At previous sample sites, the team have also had to contend with animals stealing their Pitfall traps (pigs are the main suspect).  There are some things you can’t always plan for when carrying out experiments!

 

Holger-and-Pat-studying-tree.jpg

 

Pat and Holger take a closer look at the lichens on the tree.

 

The lichenologists, Pat and Holger, were hard at work today.  As with every day, they came out to the sample site with us and were studying the lichens on the trees.  At each site, they choose twelve trees to study and sample from.  These are a mixture of small and large trees and are a variety of different species, all factors that can influence the species of lichen living on the bark.

 

Local-botanist.jpg

 

Local botanist Mr Kho Ju Ming helps Pat and Holger identify the different species of trees.  He has to use binoculars to see the leaves clearly (which will help him identify the tree) because they are so high up!

 

Lichens are fascinating. They are composite systems (comparable to corals), meaning they are a combination of a fungus and an algae living side by side in a symbiotic relationship (they both benefit from one another).  Lichens occur almost everywhere, surviving in some of the most extreme environments in the world. They are abundant and diverse in rainforests, and there are many to be found here in Maliau. 

 

Pat-marking-tree.jpg

 

Pat ties a piece of string around a tree that is to be sampled.

 

Once Pat and Holger have selected the trees they are going to study, they set up a ladder quadrat on the trunk and begin to identify the lichens.  If they find a lichen they need to check in the laboratory, they write a brief description of it and give it a field nickname.  For example, Pat and Holger have given one of the lichens the nickname Herpothallon ‘woolly’.

 

 

Pat and Holger explain how they study and sample the lichens on trees.

 

There are many animals that have evolved similar colours and patterning to lichens, helping them to avoid predators.  This moth we found, although large, can easily go unnoticed resting against the lichen.

 

Lichen-moth.jpg

 

A night-time visitor to the Studies Centre.

 

It can be hard to get a good view of the rainforest when you’re walking along the ground, the tree canopy is very far above.   To get a slightly better view, Tony and I went up onto the ‘Sky Bridge’, near the edge of the forest.  It requires a good head for heights, in places reaching 21 metres above the ground.
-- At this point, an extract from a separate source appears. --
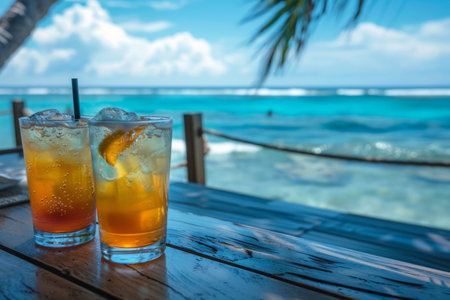 Two drinks are sitting on a table at the beach, AI

But this is still only a fraction of the height of many of the trees here in Maliau, some of which reach up to 70 metres.

 

 

The Sky Bridge allows you to get closer to the forest canopy, although still not that close!

 

Team-from-above.jpg

 

Tony and I had a bird’s eye view of Dan, Kerry and Kieron from the canopy walk.

 

Finally, remember the massive ant in one of yesterday’s videos?  Well, today we found something even bigger – possibly a Queen ant of the same species (Camponotus gigas) but a lot bigger than the workers we usually see around the forest floor.  Huge!

 

Large-ant-queen.jpg

 

Possibly a Queen Ant of the species Camponotus gigas.